Likewise, Jackson’s younger years reflect the era without being compelling until a moment of impetuosity ends his East Coast life and begins his journey westward, which is when Photographic Memory springs into life. We’re not long into that before Griffith breaks in to explain inherited guilt concerning terminology Jackson used about indigenous Americans and how he commodified them in photographs. A dozen pages of hand-wringing including testimonies from 19th century Native Americans would have been better placed as an addendum. Oddly, what would now be seen as Jackson neglecting his family is only briefly aired.
An accomplished artist, it’s nonetheless a challenge for Griffith to supply the majesty of the scenery as viewed by Jackson, and perhaps from respect he rarely attempts to reproduce a photograph exactly. Some of Jackson’ pictures are presented in the back and some of his drawings make the body of the book. When it comes to urban environments of the past, though, Griffith excels, supplying neat small drawings of so many locations, every single one of them something to pause and look at before moving onward.
By not just concentrating on the successful career highlights, Griffith underlines that people seen as successful today experienced periods of hardship and struggle. Although Jackson in his nineties had a reputation and a name, he still felt it necessary to work to supplement his pension. That may have been partially an excuse as he’s portrayed as loving to draw the past as much as he talked about it. His photography wasn’t confined to the USA, and one of Photographic Memory’s most enticing sequences is a global trip taken in the late 1800s in the company of a man who proves a charlatan.

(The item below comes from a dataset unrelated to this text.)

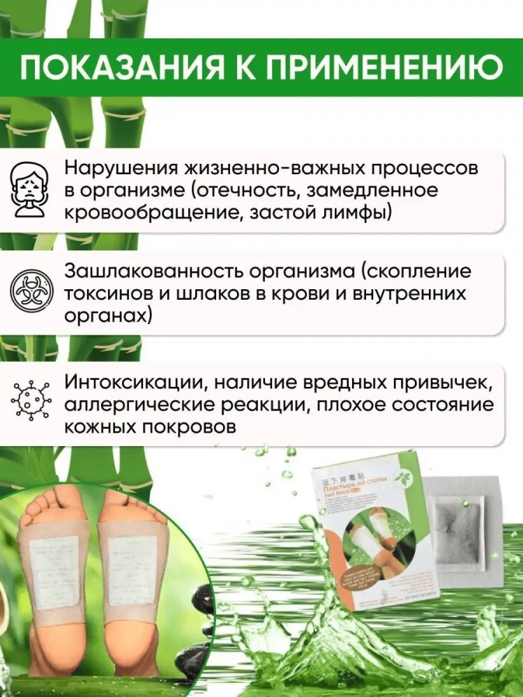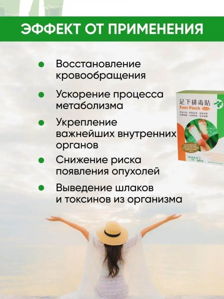 Что поможет очистить организм от токсинов всего за 10 дней? Нет ничего проще! Просто приклеив к ногам DETOX-пластыри! Наверное вы слышали, что низкая работоспособность и плохое самочувствие — это результат интоксикации и зашлаковки организма. Нарушается нормальное кровообращение, так как токсины постепенно накапливаются в организме человека, из-за чего могут возникнуть различные заболевания. Есть простой, доступный и проверенный способ, не требующий больших усилий. Это очищающий пластырь для выведения токсинов Foot Patch Детокс. Все, что вам нужно сделать, это наклеить его на сухую и чистую подошву стоп перед сном и оставить до утра. Вы спите, а пластырь работает. Пластырь «Foot Patch» Детокс взаимодействует с кожей, как с выделительной системой, связывающей внутренние органы с внешней средой. А подошвы стоп — это место скопления огромного количества активных точек, через которые и осуществляется эта связь.

What begins in relatively tame fashion eventually becomes an exhilarating journey of highs and lows. Hand-wringing apart, it’s enlivened by Griffith’s intrusions, with an imagined ferry conversation charming, and his whimsical epilogue funny. For the reader with an enquiring mind much is mentioned in passing meriting further investigation, Sally Rand’s Nude Ranch for one.
Exhaustive, densely compiled and illuminating, Photographic Memory is a testament to Jackson’s spirit of adventure and to Griffth emulating his ancestor by still producing work of quality at an advanced age.